The object of the law in question was, to put an end to the slave-trade; and to prevent the introduction of slaves into the United States, from other countries. The libel in this case was filed under the first section of the act, which declares, 'that it shall not be lawful to import or bring in any manner into the United States or territories thereof, from any foreign kingdom, place or country, any negro, mulatto or person of color, with intent to hold, sell or dispose of such negro, mulatto or person of color, as a slave, or to be held to service or labor;' and then proceeds to make the vessel liable to forfeiture, which shall be employed in such importation. The language of the law above recited, is obviously pointed against the introduction of negroes or mulattoes who were inhabitants of foreign countries, and cannot properly be applied to persons of color who are domiciled in the United States, and who are brought back to their place of residence, after a temporary absence. In the case before the court, although the girl had been staying for a time in France, in the service of her mistress; yet in construction of law, she continued an inhabitant of Louisiana, and her return home in the manner stated in the record, was not the importation of a slave into the United States; and consequently, does not subject the vessel to forefeiture.

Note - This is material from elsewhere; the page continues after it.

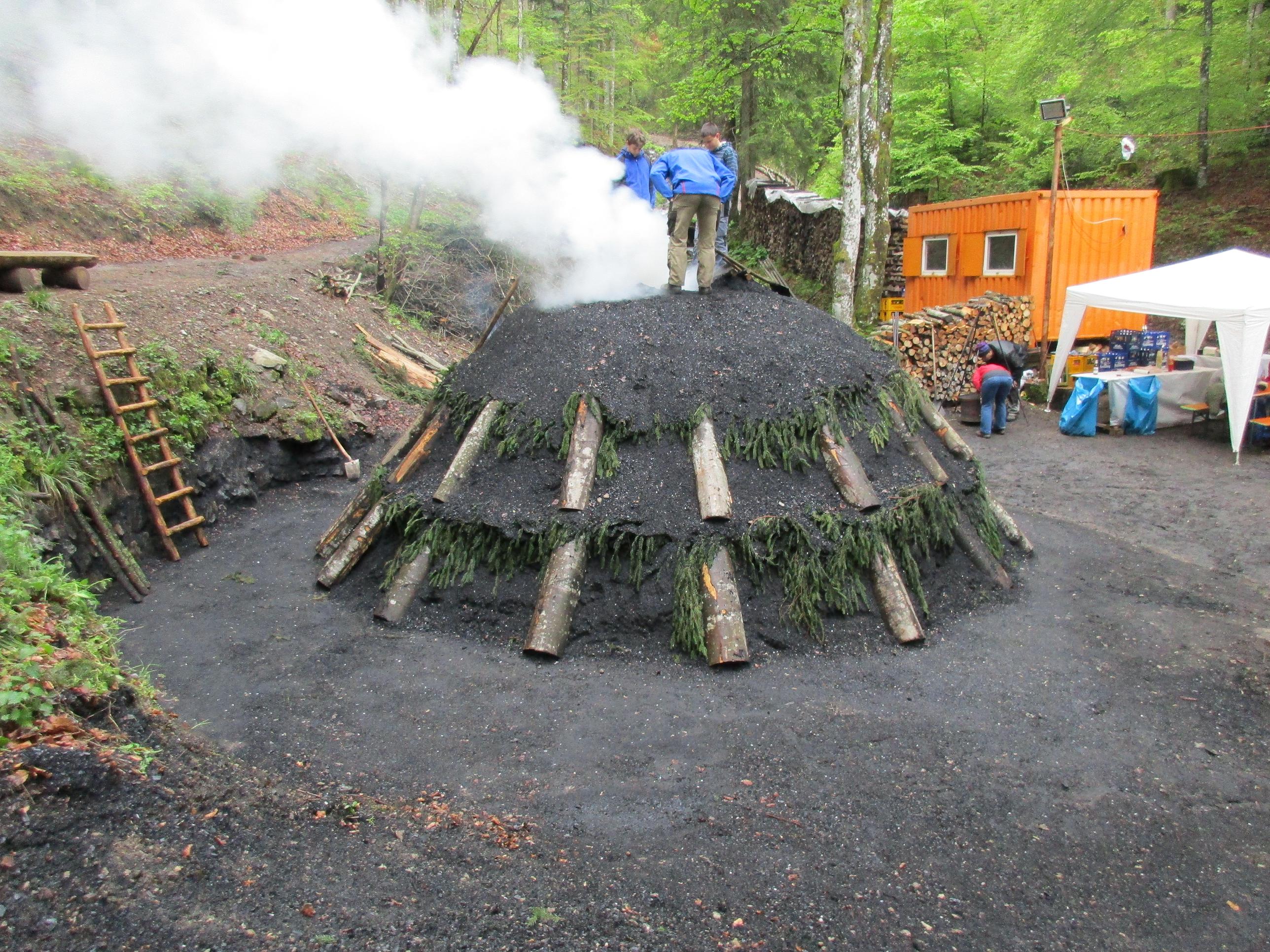 Nachfolgend ein Bild vom Kohlenmeiler welcher direkt am Pfingstsamstag am Morgen oberhalb unseres Besucherbergwerkes in Glut gesteckt wurde.

If the construction we have given to this section of the law needed confirmation, it will be found in the exception contained in the fourth section of the law in relation to persons of color, who are 'inhabitants, or held to service by the laws of either of the states or territories of the United States.' This section prohibits our own citizens, and all other persons resident in the United States, from taking on board of any vessel, or transporting from any foreign country or place, any negro or mulatto, 'not being an inhabitant, nor held to service by the laws of either of the states or territories of the United States.' Under this section, the mere act of taking or receiving on board the colored person, in a foreign country, with the intent to sell, or hold such person in slavery, constitutes the offence. But inasmuch as Priscilla was an inhabitant of New Orleans, and held to service by the laws of Louisiana, if the master of an American vessel had taken her on board at Havre, for the purpose of transporting her to Louisiana, there to be held in slavery, it is very clear, that by reason of the exception above-mentioned, the act of receiving her in his vessel for such a purpose, would have been no offence; while the taking on board of a negro or mulatto, who was the inhabitant of any other country, would have been a high misdemeanor, and subjected the party to severe punishment, and the vessel to forfeiture. It would be difficult to assign a reason for this discrimination, if the persons of color described in the exception, could not be brought to this country, without subjecting the vessel to forfeiture; and the exception made in this section, in relation to those who are inhabitants, or held to service by the laws of either of the states or territories of the United States, proves that congress did not intend to interfere with persons of that description, nor to prohibit our vessels from transporting them from foreign countries back to the United States.

The principles above stated decide also the case of the United States v. The Ship Fortune. We think, there is enough in the record, to show that the persons of color therein mentioned, were sent to New Orleans, the place of their residence, for the purpose of being there manumitted, and not to be held in slavery. But it is unnecessary to go into an examination of the evidence on this point; because, in either case, the bringing them home was not an offence against the act of congress, and the vessel in which they returned is not, on that account, liable to seizure and condemnation. The decree of the district court must, therefore, be affirmed, in each of these cases.

THESE causes came on to be heard, on the transcripts of the record from the district court of the United States for the eastern district of Louisiana, and were argued by counsel: On consideration whereof, it is now here ordered and decreed by this court, that the decree of the said district court, in each of the causes, be and the same is hereby affirmed.